I had been here a few years and made some great friends when one of my mates Robert Finlayson asked me if I wanted to go to a basketball game.  Well I didn’t even know that Basketball was played in England but I took him up on his offer.

So it is Saturday night and we arrive at the Stretford Sports Centre.  I have absolutely no idea what year it was but I do know that Jeff Jones and Bob Martin were the American imports for the team.  Back then the teams were allowed two foreign players.  They didn’t have to be Americans but they invariably were.

I have to say I fell in love with the sport on the spot.

The thing that I loved most was the fact that it was indoors.

Now you have to understand that where I come from it is truly 90 degrees in the shade all year round. My only experience  with sport in this country was playing football and running cross country at Two Trees school in Denton.  Football was fine when the weather was fine but purgatory when it wasn’t and cross country was purgatory all the time.

I did attend two football games back then, one at Old Trafford and the other at Maine Road. On both occasions it was to see the Manchester clubs taking on each other. The football was glorious and it was a joy to see players of the calibre of George Best, Bobby Charlton, Francis Lee and Mike Summerbee. I loved the football but couldn’t do with the temperatures.

So finding an indoor sport was a total joy for me.

I loved that first game and continued to go to games with Robert who was the commentator at the time.  I do not remember the names of many of the players in those early days but I do remember the legend that was Larry Dassie.

Larry Dassie was the epitome of cool and he played his basketball as if he could do it in his sleep. Unfortunately within a couple of years he would be dead having been involved in a major car accident, I think.

As I say Robert was the commentator, but I use that term loosely.  Commentators were actually announcers who introduced the teams, and gave out the name of the scorer or the player fouling or being fouled. They did little else, but that was because they were not allowed to. (There will be more on this later in this piece)

On this faithful night at Altrincham Leisure centre where the Giants were playing, the game was astonishingly good but Robert continued to announce in his usual way so I suggested that he passed me the microphone.  Amazingly he did and I went to work.
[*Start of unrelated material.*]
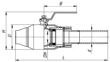 DN, мм | d, мм | D, мм | L, мм | B, мм | H, мм | Масса, кг |

Well at the end of the night all hell broke loose with the visiting team complaining, the referees complaining , the visiting fans complaining and the Commissioner also having his pennies worth.
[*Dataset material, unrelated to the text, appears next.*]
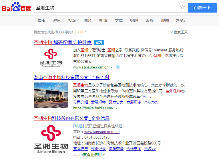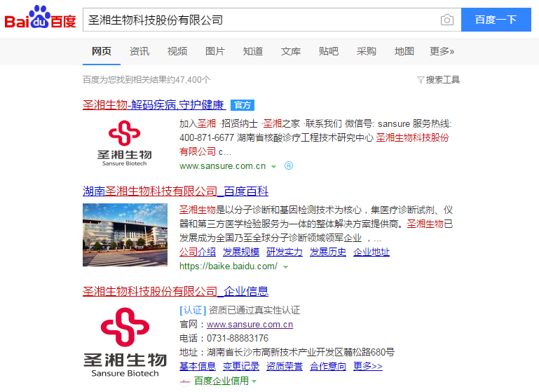 湖南百度企業(yè)名片案例搜索圣湘生物科技股份有限公司 圣湘生物科技股份有限公司 百度一下

I went home after the game elated after the victory and arrived for the next game to find two microphones in place, one for Robert and the other for me. You see the guy running the club loved what I had done and more importantly, the owner was delighted.

From those early days I have been a basketball commentator and to be honest we had to rewrite the rule book on what was allowed.  There would be years of negotiation between the club and the EBBA, there would be regular complaints but we eventually got to a point where everybody was happy.

Everybody that is except visiting fans.  Well you can’t please everybody.

Basically I could say almost anything I wanted but I was not allowed to comment on refereeing decisions.

Did I ever get it wrong…hell yes but I as I said earlier the person who has never made a mistake has probably never done anything.  Do I regret anything that I said over the years?  Well I remember one night in particular.  The Giants were playing against Crystal Palace I think and Steve Bontrager was warming up along with the rest of the team.


Now Bontrager was a scoring machine who would destroy teams on his own, Over the microphone I said , “man are you never injured”? When I saw the look on his face I knew that I had said the wrong thing.  I didn’t want him to be injured, it was just a throwaway line but he was hurt.  I would be more careful in the future.

Eventually I would take over the commentating duties completely and I would then get invited to commentate at all the big Basketball Finals.  I absolutely loved it.

So that was my start in basketball back the late 70s and I have been at it ever since.

Over the years I have commentated on other sports as well at the arenas and then on just about every Television company as well.  I have had some wonderful times and some crap times as well.  The high spot for me would definitely be hosting the prelude to the opening ceremony of the Commonwealth Games in Manchester 10 years ago this week.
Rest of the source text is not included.